Karar oy çokluğuyla verildi.
Şerh koyan hakim ise, suçlamaya konu olan her bir yayının propaganda suçu oluşturduğunu savunarak sanıklara verilen cezanın 4 kez uygulanmasını istedi.
Avukatlar kararı istinaf mahkemesine taşıyacak.
Açıklanan karar sonrası adliyesi önünde basın açıklaması gerçekleştirildi. Burada konuşan Avukat Devrim Avcı, “Mahkeme kararında şöyle bir gerekçe sundu: Suçun meydana gelen ağırlığı, sanıkların güttüğü amaç ve saik… Müvekkillerim kamuoyuna haber verdi, siyasi iktidarın gizlediği ne varsa haber yaptı. Biz zaten bu sebeple kapatıldık. Zaten siyasi iktidar kendisi gibi olmayanlara çok kolay terör propagandası yaftası yapıştırıyor. Cezaevine atıyor. Bu manipülasyondur, bu gazetecilerin haber verme ve haber yapma görevini engellemektir. Hayatın Sesi her zaman emekçinin, muhalifin yanında olmuştur. Bu karara karşı bütün itirazlarımızı kullanacağız” dedi.

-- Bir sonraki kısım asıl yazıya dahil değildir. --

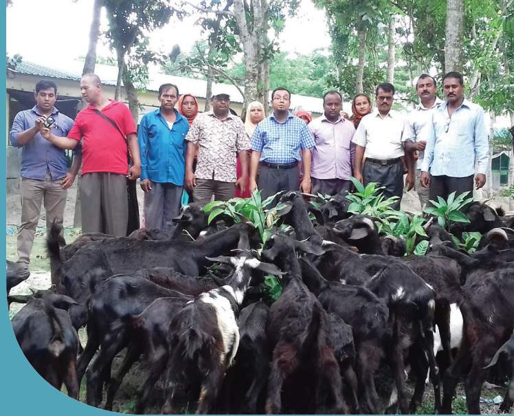
যশোরের চৌগাছা উপজেলায় ছাগল পালন প্রশিক্ষণ

Türkiye Gazeteciler Sendikası Genel Başkanı Gökhan Durmuş, verilen kararın hukukla bağdaştırılmayacağını söyleyerek şöyle devam etti:
Zaten KHK ile kapatılmış bir televizyonun yöneticilerine hem de alakasız örgütleri yan yana koyarak ceza vermek hukuk sisteminin işlemediğinin belgesi. Bundan sonra da bu tarz kararlar çıkacak. Gazeteciler için adliye süreci başladı. Gazetecileri ve gerçekleri düşman gören bir iktidar var. Gazeteciler yılmayacak ve haber yapmaya devam edecek.
RSF Türkiye Temsilcisi Erol Önderoğlu ise eleştirel haber yapan gazetecilerin sistemli bir şekilde hedef haline getirildiğini söyledi. Önderoğlu şöyle konuştu:
“Hayatın Sesi Televizyonu 3’ncü cezasını aldı. RTÜK tarafından cezalandırılması, KHK ile kapatılması yetmedi ve 3 yetkilisi bugün 3 yıl 9 ay hapis cezasına çarptırıldı. Orantısızlığın ötesinde kamuoyunun haber alma hakkının engellendiğini görüyoruz.”